## [Your goal]
Transcribe exactly the lines that fall between the one holding "来客用個室の長机、中央部に奥行方向で取り付けいただきました。" and the one holding "Bardzo przytulny pokój", inclusive, from the entries below.
#### Records for processing
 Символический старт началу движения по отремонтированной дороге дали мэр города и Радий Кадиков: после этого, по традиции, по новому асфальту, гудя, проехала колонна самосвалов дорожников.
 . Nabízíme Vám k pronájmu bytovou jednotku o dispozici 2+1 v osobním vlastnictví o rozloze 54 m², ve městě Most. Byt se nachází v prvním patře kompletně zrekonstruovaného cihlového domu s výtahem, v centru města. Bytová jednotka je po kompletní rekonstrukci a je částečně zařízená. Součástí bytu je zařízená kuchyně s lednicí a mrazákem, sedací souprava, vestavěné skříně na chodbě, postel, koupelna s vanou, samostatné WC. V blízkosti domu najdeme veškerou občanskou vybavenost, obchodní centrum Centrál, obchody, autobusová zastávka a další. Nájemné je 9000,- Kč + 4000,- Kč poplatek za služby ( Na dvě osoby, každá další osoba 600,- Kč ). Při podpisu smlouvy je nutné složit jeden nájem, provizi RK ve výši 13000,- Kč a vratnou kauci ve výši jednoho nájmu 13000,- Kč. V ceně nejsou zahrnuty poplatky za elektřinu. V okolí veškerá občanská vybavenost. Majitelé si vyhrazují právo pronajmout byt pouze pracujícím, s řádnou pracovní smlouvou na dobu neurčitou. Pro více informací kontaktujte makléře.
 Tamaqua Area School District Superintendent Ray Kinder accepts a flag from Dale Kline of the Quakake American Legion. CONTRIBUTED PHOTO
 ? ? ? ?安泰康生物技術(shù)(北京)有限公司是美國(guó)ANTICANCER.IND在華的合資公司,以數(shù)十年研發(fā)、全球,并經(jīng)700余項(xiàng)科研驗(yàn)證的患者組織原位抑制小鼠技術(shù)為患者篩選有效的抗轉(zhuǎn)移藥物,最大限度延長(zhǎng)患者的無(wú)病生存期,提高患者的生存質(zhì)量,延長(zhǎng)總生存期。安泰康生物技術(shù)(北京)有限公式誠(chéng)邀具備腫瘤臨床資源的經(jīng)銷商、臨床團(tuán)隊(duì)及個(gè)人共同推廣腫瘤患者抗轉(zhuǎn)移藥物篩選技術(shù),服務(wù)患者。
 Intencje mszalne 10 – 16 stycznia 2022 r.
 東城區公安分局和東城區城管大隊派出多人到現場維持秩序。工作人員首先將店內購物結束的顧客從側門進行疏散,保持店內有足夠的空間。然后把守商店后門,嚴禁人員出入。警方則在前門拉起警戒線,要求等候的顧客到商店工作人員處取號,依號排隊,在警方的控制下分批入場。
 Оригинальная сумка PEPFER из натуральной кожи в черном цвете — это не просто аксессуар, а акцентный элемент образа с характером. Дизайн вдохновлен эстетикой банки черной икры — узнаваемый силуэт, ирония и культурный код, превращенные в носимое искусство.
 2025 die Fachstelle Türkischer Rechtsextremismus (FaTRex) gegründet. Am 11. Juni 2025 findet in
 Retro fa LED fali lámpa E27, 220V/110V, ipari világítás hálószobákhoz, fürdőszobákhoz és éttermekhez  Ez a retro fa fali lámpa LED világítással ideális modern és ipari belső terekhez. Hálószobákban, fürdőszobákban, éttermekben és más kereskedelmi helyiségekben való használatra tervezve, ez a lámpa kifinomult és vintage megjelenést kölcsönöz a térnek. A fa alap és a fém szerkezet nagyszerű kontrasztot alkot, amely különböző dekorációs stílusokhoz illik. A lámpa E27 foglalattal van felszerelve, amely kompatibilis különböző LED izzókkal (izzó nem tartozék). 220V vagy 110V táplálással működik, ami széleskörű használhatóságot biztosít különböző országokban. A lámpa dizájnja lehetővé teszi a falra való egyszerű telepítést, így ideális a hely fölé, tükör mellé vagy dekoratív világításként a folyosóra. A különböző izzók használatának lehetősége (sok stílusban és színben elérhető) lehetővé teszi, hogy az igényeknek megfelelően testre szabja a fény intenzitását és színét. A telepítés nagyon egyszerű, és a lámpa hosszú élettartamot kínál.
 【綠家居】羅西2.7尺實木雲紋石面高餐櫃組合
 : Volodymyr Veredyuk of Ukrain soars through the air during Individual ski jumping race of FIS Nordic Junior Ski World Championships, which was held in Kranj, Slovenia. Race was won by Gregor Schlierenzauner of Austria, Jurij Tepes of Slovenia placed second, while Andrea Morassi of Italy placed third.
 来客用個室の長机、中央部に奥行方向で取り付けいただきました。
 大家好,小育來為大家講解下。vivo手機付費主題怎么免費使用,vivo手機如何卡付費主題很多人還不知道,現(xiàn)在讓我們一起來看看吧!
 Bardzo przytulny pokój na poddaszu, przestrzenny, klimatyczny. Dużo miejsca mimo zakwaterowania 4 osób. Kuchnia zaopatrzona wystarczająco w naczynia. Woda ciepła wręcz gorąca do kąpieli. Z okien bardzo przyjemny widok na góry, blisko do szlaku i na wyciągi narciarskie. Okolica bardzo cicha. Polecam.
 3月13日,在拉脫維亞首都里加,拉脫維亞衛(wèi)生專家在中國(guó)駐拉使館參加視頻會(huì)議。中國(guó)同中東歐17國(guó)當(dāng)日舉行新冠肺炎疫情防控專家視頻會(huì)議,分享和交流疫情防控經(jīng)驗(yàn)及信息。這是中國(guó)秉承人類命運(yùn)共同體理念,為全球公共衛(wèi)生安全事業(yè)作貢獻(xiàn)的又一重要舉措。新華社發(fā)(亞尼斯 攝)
########
## [Your solution]
 来客用個室の長机、中央部に奥行方向で取り付けいただきました。
 大家好,小育來為大家講解下。vivo手機付費主題怎么免費使用,vivo手機如何卡付費主題很多人還不知道,現(xiàn)在讓我們一起來看看吧!
 Bardzo przytulny pokój na poddaszu, przestrzenny, klimatyczny. Dużo miejsca mimo zakwaterowania 4 osób. Kuchnia zaopatrzona wystarczająco w naczynia. Woda ciepła wręcz gorąca do kąpieli. Z okien bardzo przyjemny widok na góry, blisko do szlaku i na wyciągi narciarskie. Okolica bardzo cicha. Polecam.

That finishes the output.